### What you need to do
Report every line below that carries the word "Dokter".
[Dataset]
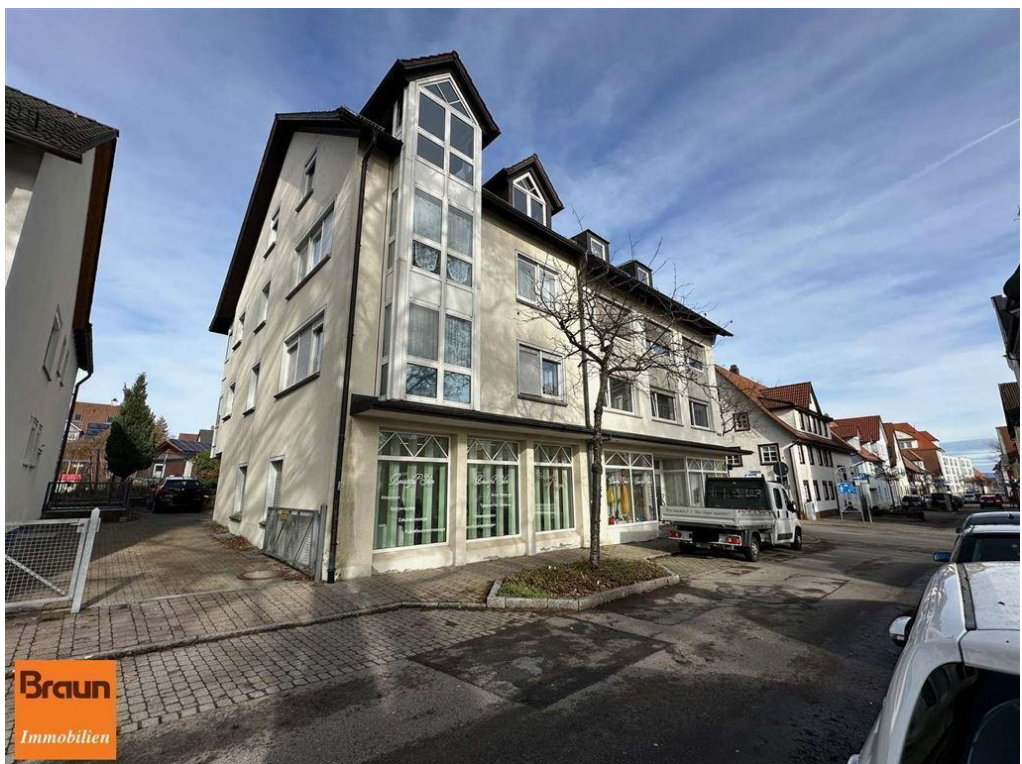
3-Zi.-Mietwohnung, VS-S, 4-7331
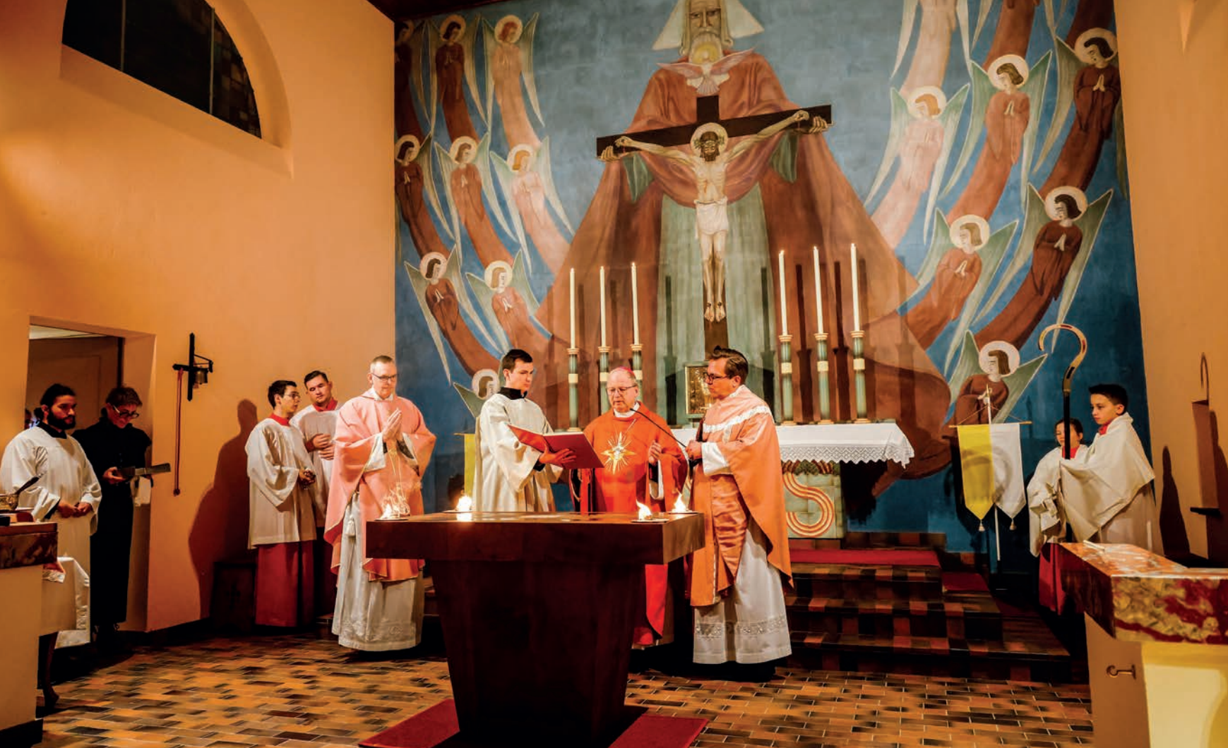
Bischof Benno Elbs bei der Altarweihe anlässlich der feierlichen Wiedereröffnung der sanierten Kapelle St. Sebastian und Rochus.
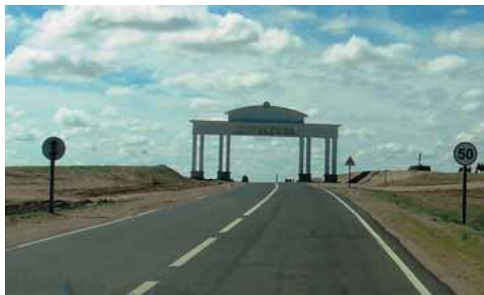
На участке Чойр – Сайншанд участки активного строительства чередуются с отличным новым шоссе
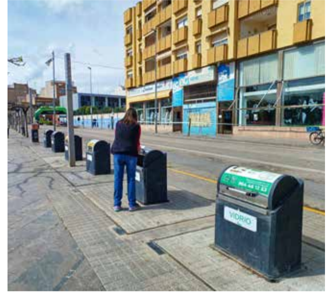
Ciutadana reciclant.

Els establiments comercials poden obtenir reduccions encara més importants: fins a un 20% per adherir-se a la recollida porta a porta de paper i cartó, i fins a un 30% per participar en la recollida de biorresidus. Com que ambdues són acumulables, els negocis que s'acullen a les dues modalitats poden arribar al 50% de descompte.
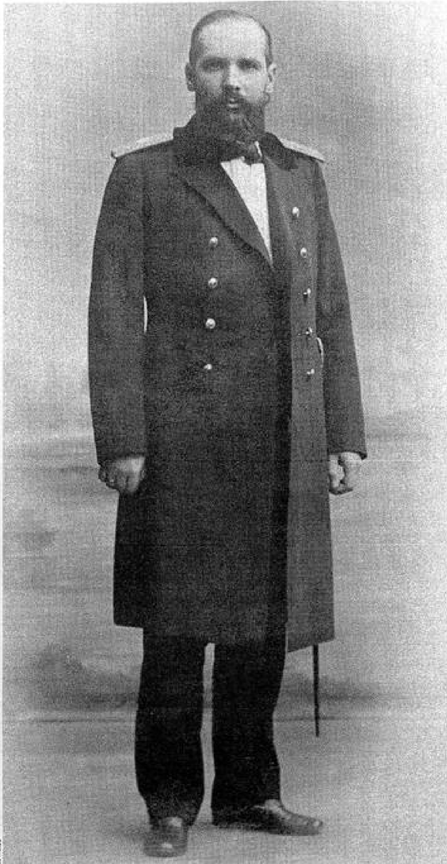
Петр Столыпин: «Мы предлагаем скромный, но верный путь».

12 августа 1906 г. по старому стилю государь издал указ о передаче Крестьянскому банку сельскохозяйственных земель, находящихся в собственности Романовых; 27 августа — о продаже казенных земель; 19 сентября — о продаже крестьянам земель на
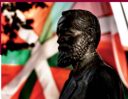
Sabrino Arana met de Baskische vlag die hij zelf ontwierp.
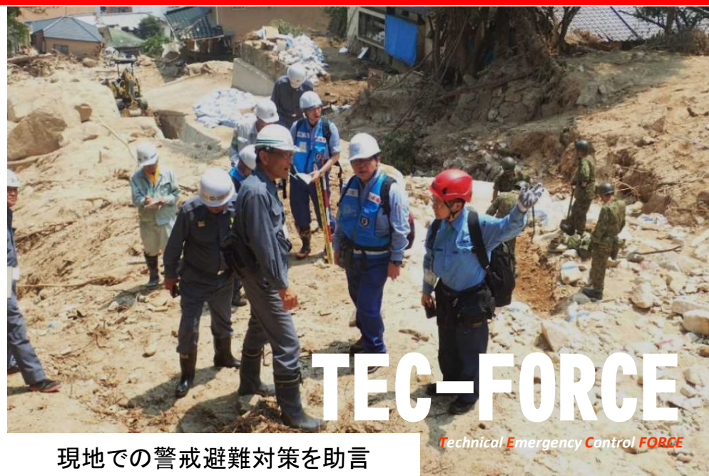
現地での警戒避難対策を助言
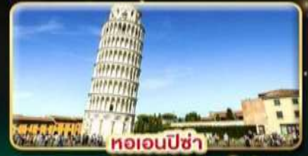
หออนปีซ่า
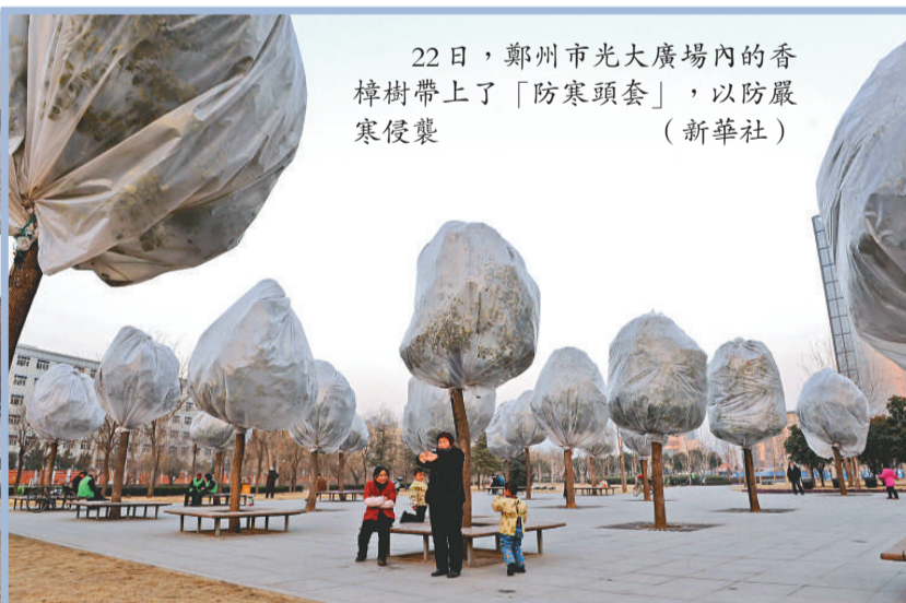
22日，鄭州市光大大廣場內的香樟樹帶上了「防寒頭套」，以防嚴寒侵襲

《人民日報》香港分社負責人鄭重否認涉案女事主為該報記者。他表示，經查詢，《人民日報》各部門及其所屬人民網和其他子報刊均無此人。
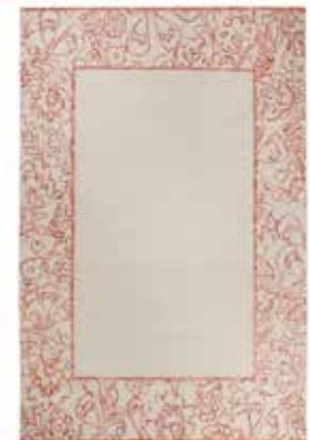
KELIM KAYLA BORDER e.g. 130 x 190 cm / € 349,00
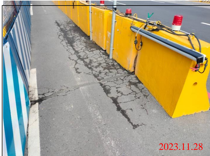
巡查日期地點：112.11.28/ Y23車站 照片說明：路面龜裂狀況
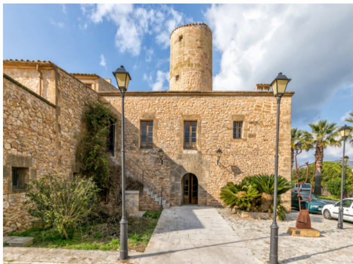
Vista exterior del molino
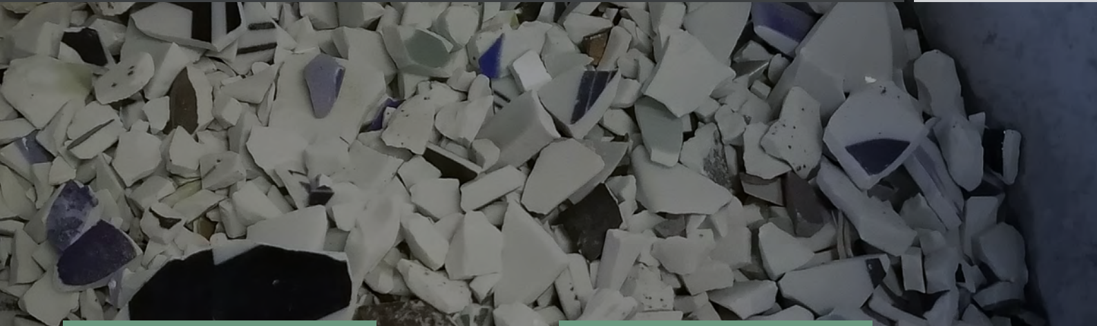
ベンチ | テラゾーベンチ
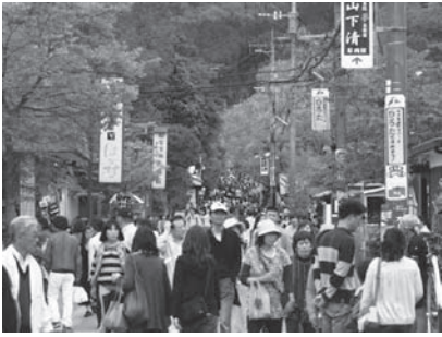
地震前の湯の坪街道

こうした中、由布市商工会では、この地震被害からの教訓を受け、災害対策委員会を設置するとともに、「災害対策マニュアル」を作成し、災害・非常時の対応に取り組みました。また、震災関連の金融相談窓口を設置し、日本政策金融公庫大分支店と連携を図り、一日公庫（2回）を開催して被害にあつた会員事業所の資金相談に
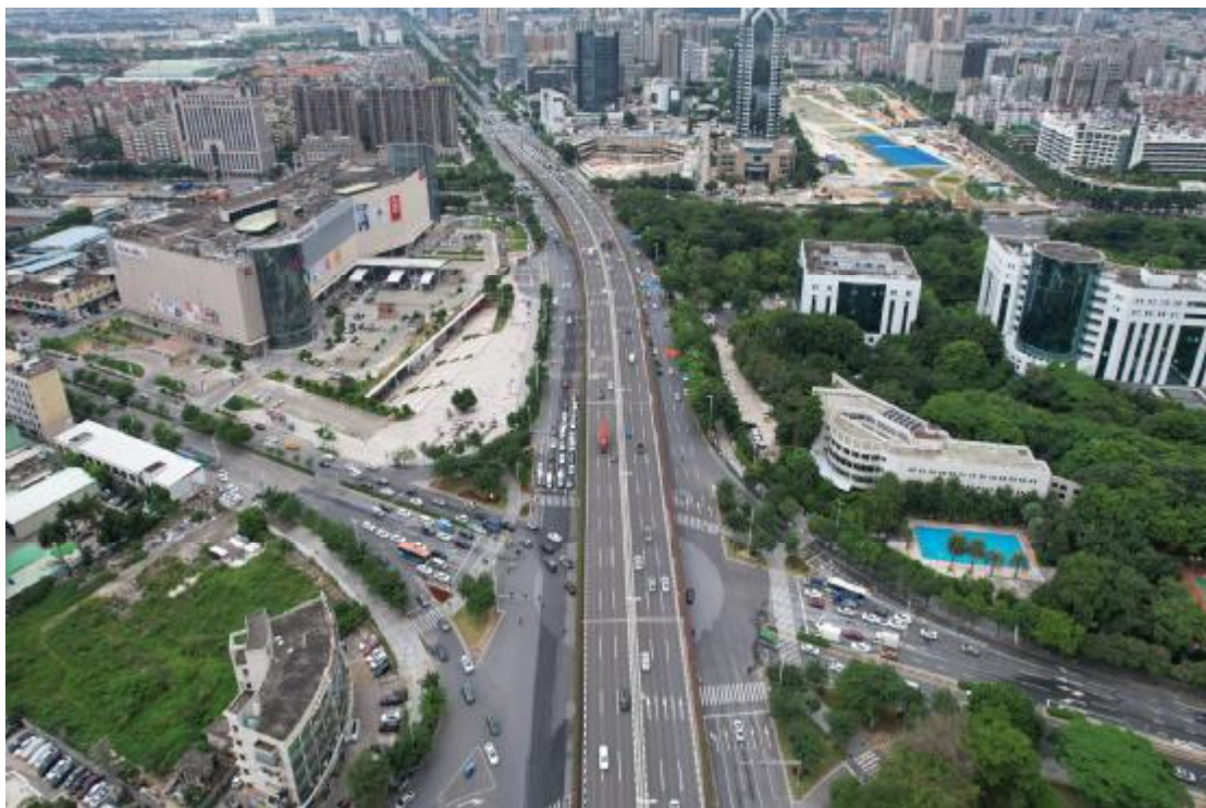
图 15 地块南部地形地貌航拍图（北-南）
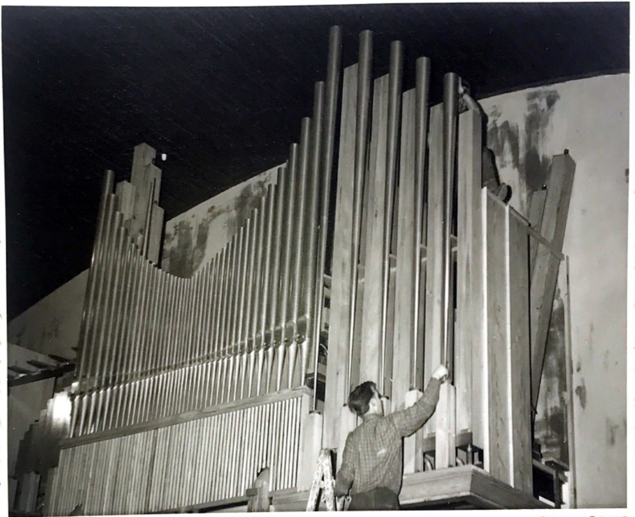
Hauptwerk und Pedal des Orgelprospektes
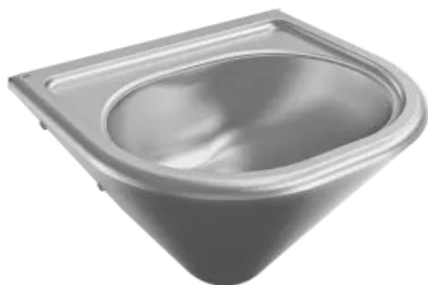
ANIMA Waschtisch ANMX450
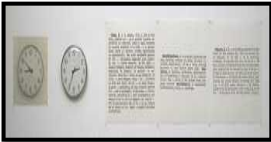
(شكل رقم ٥)

يمثل هذا الفن نقطة إلتقاء ما بين مناهج عدة، منها مناهج إتصالية، فالصورة واللغة تلتقيان في الكتابة، كذلك الوسيلة التي تجعل من الكلمة مرئية، غير ان الجمع بين كلمتي فن ولغة لا يشير إلى "ممارسة الكلام بإعتباره فناً، بل إلى تطبيق اللغة على تحليل الفن ١٧ . وذلك ما يسمى بالفن التحليلي الذي يشابه التلاعب بالألفاظ والذي عرف به دوشامب، وقد إكتفت هذه المجموعة بإستبدال المشاهد المصوّرة إلى وصف مكتوب يعلق في صالة العرض الفني للأعمال الفنية (شكل رقم ٥).
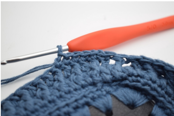
1. Virka 1 lm. Virka fm i varje maska varvet runt och avsluta med 1 sm. (160)
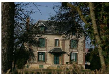
Vue du logis. IVR22_20030202894NUCA
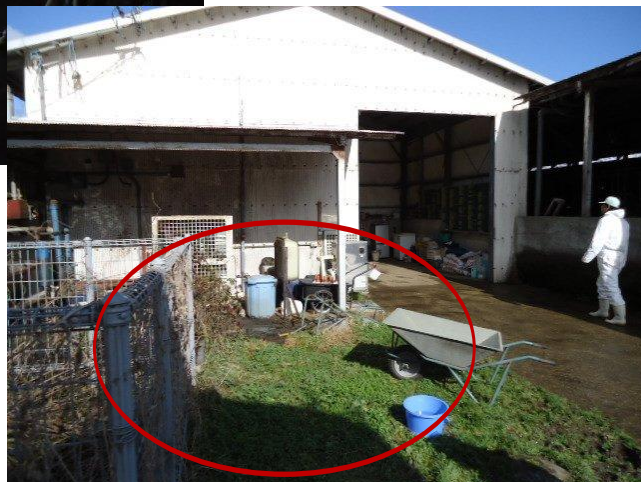
排水処理施設設置予定地（円内）
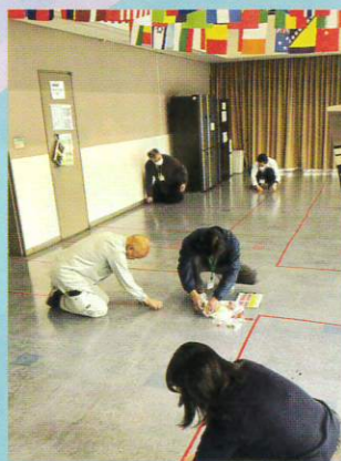
荷物置き場準備中
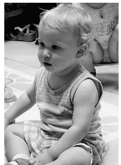
A jövőnek neveljük
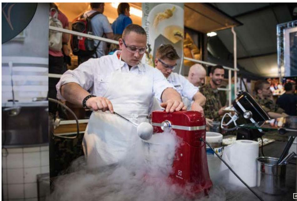
Ein WK-Soldat bereitet mit flüssigem Stickstoff ein Dessert vor.

ALLMEND · Die Zentralschweizer Frühlingsmesse fand in den letzten zehn Tagen bei bestem Wetter statt. Das wirkte sich vor allem auf den Glacestand der Armee aus – die Besucherzahl bewegte sich hingegen auf Vorjahresniveau.
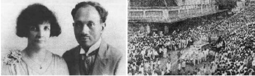
Foto 2: Dokter Soetomo dengan Istri (Kiri) dan Prosesi Pemakaman Dr. Soetomo (Kanan)

Sumber: Dokter Soetomo . Diakses dari http://www.imexbo.nl/dokter-soetomo.html . Tanggal 23 Maret 2017. Pukul 21.17 WIB.
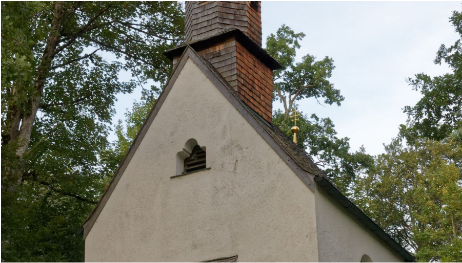
St Anna Linderhof (1).jpg
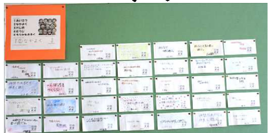
6年生「ワクワクみんななかよく」

元気にあいさつをする きちんとあいさつをするなどです。各学年の掲示板に貼って、みんなに知ってもらいます。1学期間取組み、その取組みについて終業式で、担任が話をします。そして、また2学期の取組みへとつなげていきたいと考えています。
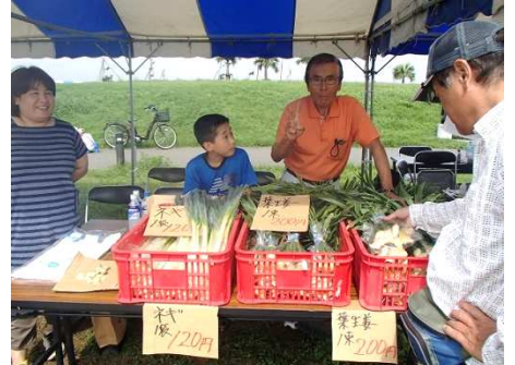
地元野菜も新鮮で安い
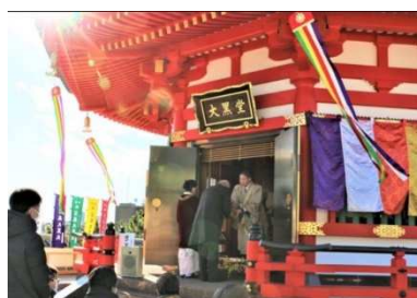
宝蔵大黒天福德結縁

新年を迎えるにあたり、個人、家族、会社の「新年特別修祓」を行います。この「修祓」は、息災・招福を祈願すると共に、各自が心を清浄にして仏縁を深め、自分の立てた目標に向かって精進する力を頂く尊い法儀です。
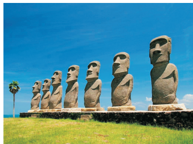
日南太陽公園Sun Messe(宮崎)
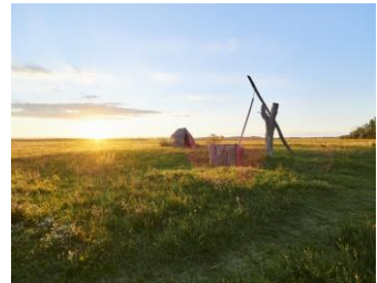
PHOTO_BY_ZIEHBRUNNEN BEI DER LANGEN LACKE - © BURGENLAND TOURISMUS GMBH, PETER PODPERA

Gefolgt von einer Fahrt in den Illmitzer Seewinkel. Diese einzigartige Naturlandschaft mit Salzlacken, Tümpeln, Trockenwiesen und weitem Schilfbestand gilt als eines der wichtigsten Vogelreservate Europas. Mit einem Planwagen unternehmen wir eine kleine Rundfahrt durch das herrliche Naturschutzgebiet.
[/Dataset]
### Solution to this problem
Foto 2: Dokter Soetomo dengan Istri (Kiri) dan Prosesi Pemakaman Dr. Soetomo (Kanan)
Sumber: Dokter Soetomo . Diakses dari http://www.imexbo.nl/dokter-soetomo.html . Tanggal 23 Maret 2017. Pukul 21.17 WIB.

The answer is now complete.